Change-in-Condition SOL and the Mailbox Rule in Georgia
Written by: Daniel Richardson, Esq.
When a claimant files a hearing request, the first thing to check is whether there is an applicable statute of limitations defense. The Georgia Court of Appeals recently addressed a statute of limitations defense raised in a claim for a catastrophic designation in Sunbelt Plastic Extrusions, Inc. v. Paguia, 2021 WL 3673896 (Ga. Ct. App. August 19, 2021).
On March 31, 2009, the Claimant injured her left hand at work. She was entitled to 400 weeks of TTD benefits through November 29, 2016. On November 20, 2018, she filed a form requesting that her injury be deemed catastrophic, which would entitle her to continued TTD payments. The Employer asserted a statute of limitation defense based on O.C.G.A. § 34-9-104(b). The ALJ rejected the SOL defense and also found that the injury was catastrophic. The appellate division affirmed the ALJ’s decision, and the Georgia Court of Appeals granted a discretionary review, ultimately affirming the decisions of the lower courts.
O.C.G.A. § 34-9-104(b) allows a claimant to seek additional workers’ compensation benefits because of a change in condition, provided that not more than two years have elapsed since the date the last payment of income benefits was actually made. Once an employer ends the payment of TTD, the employee must file a claim for additional benefits within two years of the cessation date. A payment is “actually made” when it is mailed to the recipient. (We note that there are other statutes of limitation addressing all-issues claims, as well as timelines for when notice must be given, or how long can pass before a hearing must be held on a claim, though these were not at issue in this particular claim.)

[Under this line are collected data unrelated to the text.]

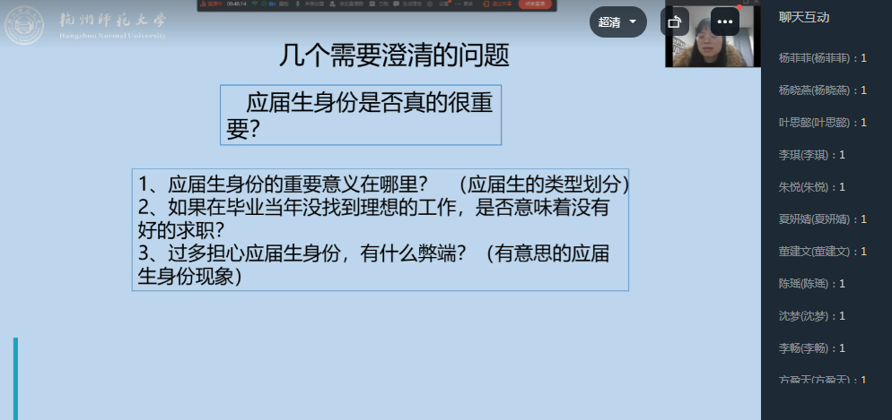 针对毕业生可能出现的各种不良心态以及存在的几个观念误区,陈晓玲通过几个往届毕业生的真实案例鼓励同学们保持自信、勇于尝试,切勿盲目二战。针对同学们找工作遇到的困难,陈晓玲给予了详细的建议:从收集信息、海投简历等方面做好基本工作,利用好学院就业发展指南,多虚心向过来人请教,积极参加各项招聘笔试面试以提升自我能力。针对不同类型同学,陈晓玲也给予了相应的建议:已落实工作的同学应关注自身是否满足进编条件,及时查漏补缺;考研同学应多手准备,在等待成绩的空档期投身就业招聘;未落实工作的同学应反思自我,不断提升自我能力。
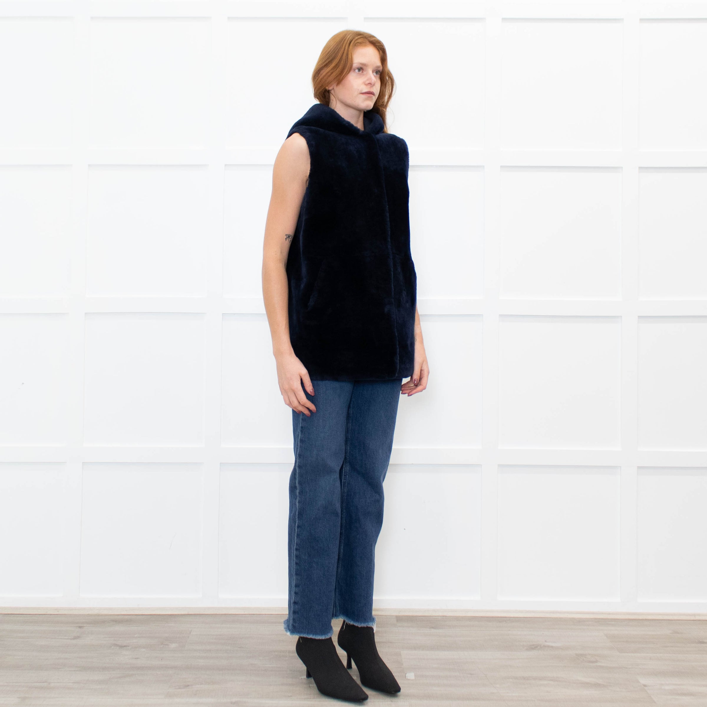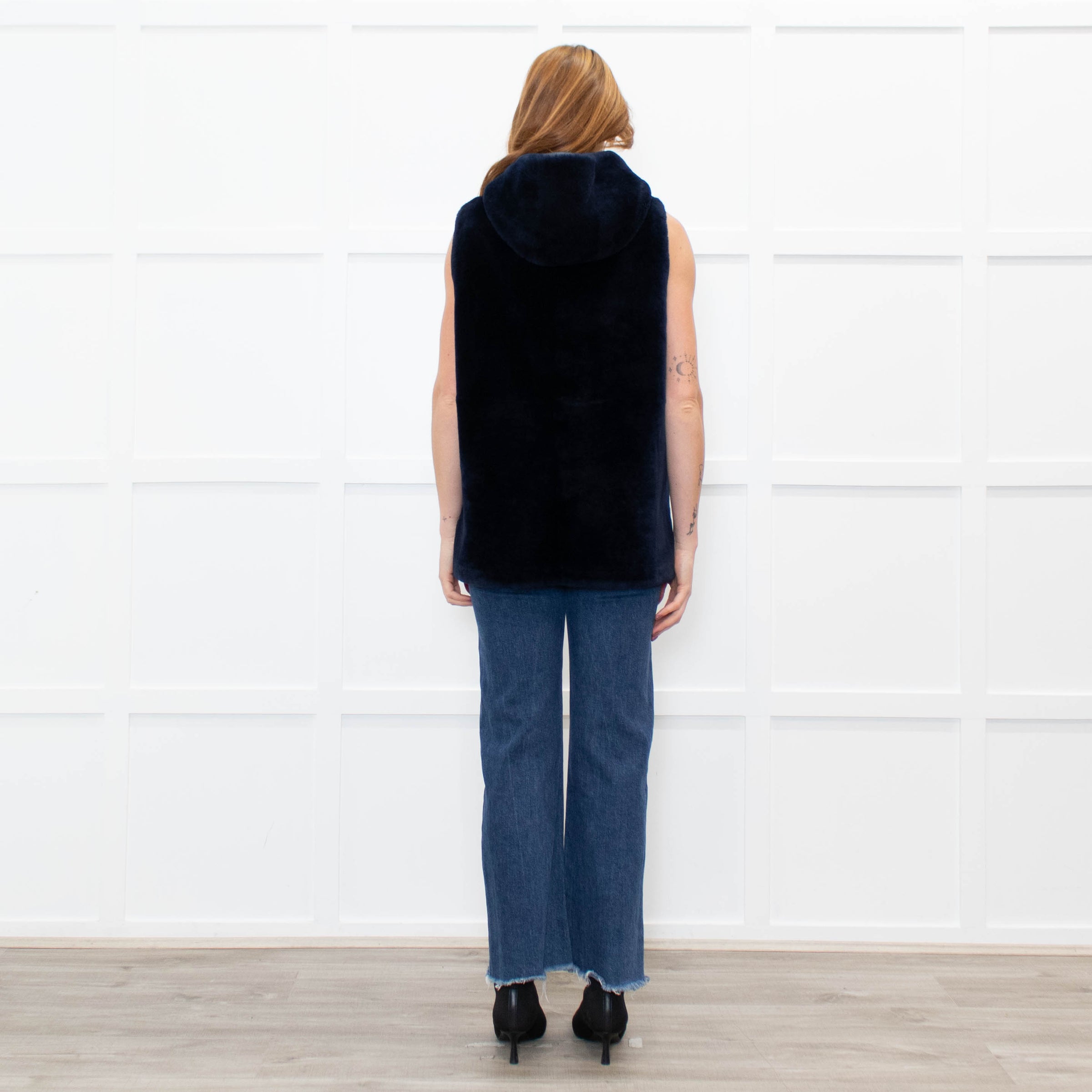 Sprung Freres navy blue reversible shearling hooded gilet with hook and eye fasteners, and side slip pockets.
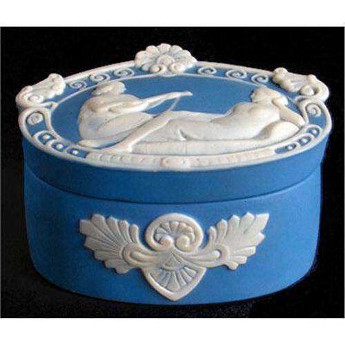 Produced by Schafer & Vater this exquisite oval blue jasperware dresser jar, circa 1920s, depicts in detailed bas-relief a lute player serenading a classical lady, wearing a diaphanous Penoir, reclining on a caise lounge. The lid is further adorned with fancy bas-relief Art Decoesque ornaments, curlicues, etc. as is the base. Measuring 4 inches long x 3 inches across x 2 inches tall and is marked on the bottom with the Schafer and Vater crown but the number is to faint to discern. This very lovely piece of old delicate jasperware pottery is in excellent condition
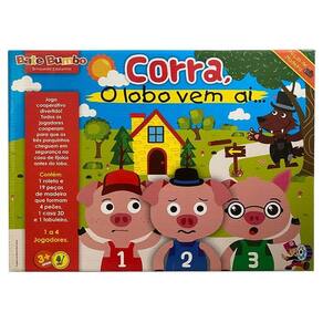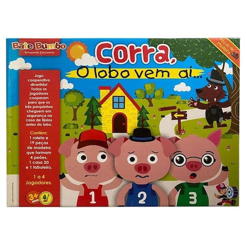 Jogo infantil em madeira corra, o lobo vem ai. . . . Jogo infantil em madeira corra, o lobo vem ai. . . . Divertido jogo cooperativo onde os participantes ajudam os três porquinhos a chegar na casa de tijolos antes do lobo. Gire a roleta para mover os porquinhos em direção à casa, mas cuidado: ao girar o lobo também pode avançar casas e acabar entrando pela porta dos fundos. Este jogo trabalha o reconhecimento das cores, o contar histórias e trabalho em equipe, podendo ser jogado entrre 2 a 4 jogadores. Corra, o lobo vem ai é um jogo simples que leva cerca de 10 minutos para ser jogado. - marca: bate bumbo - dimensões: 40 x 30 x 5,5 cm - e lacrado - contém: 1 roleta, 19 peças em madeira que formam 4 peões, 1 casa 3 d e um tabuleiro. - faixa etária: indicado para crianças à partir de 3 anos. - ean: 7898927097578 - certificado pelo inmetro ce-bri/brics 01319-20 nm 300/2002 segurança do brinquedo

In Paguia it was held that there was insufficient evidence presented to determine when the last check was mailed, other than some time after November 14, 2016. The Court held that Sunbelt did not carry its burden of proving the SOL defense. There was evidence that the claims adjuster completed a claims payment authorization form for the claimant on November 14, 2016, that a check was printed, and that it was picked up for mailing, but no evidence was presented about the time that elapsed between the various steps. Sunbelt contended that it was likely mailed the next day, November 15, 2016, but presented no evidence that a one-day interval between the completion of the form and the mailing of the check was part of the insurer’s routine practice. There was no dispute in the evidence about when the request for a catastrophic designation was filed (Nov. 20, 2018), so if the employer/insurer had been able to establish that the check was mailed before November 20, 2016, they could have taken advantage of this defense.
The claimant also raised an argument against the mailbox rule from Lane v. Williams Plant Svcs., 330 Ga. App. 416 (2014). The Court in Lane held that a payment is “actually made” under O.C.G.A. § 34-9-104(b) when it is mailed to the recipient. She argued that Lane’s interpretation of the statute renders it unconstitutional because it deprives claimants of due process, and also that it grants the employer control over the statute of limitation since it only begins to run when the employer has mailed the last payment of benefits. The Court acknowledged that “there is no way for an employee to ascertain with certainty when a payment was mailed.” The uncertainty practically invites litigation. The Court pointed out that the rule is subject to manipulation, as the employer can, as here, combine two payments and thereby shorten the limitation period by a week. Despite the judicial hand-wringing over the practical difficulties created by Lane, the Court declined to overrule or change it, as doing so was not necessary for them to find in Ms. Paguia’s favor. They only needed to find that the Employer had failed to meet its burden under Lane and O.C.G.A. § 34-9-104(b). According to the Court, the issues raised by the Lane decision are policy issues, and they invited the state legislature to address it.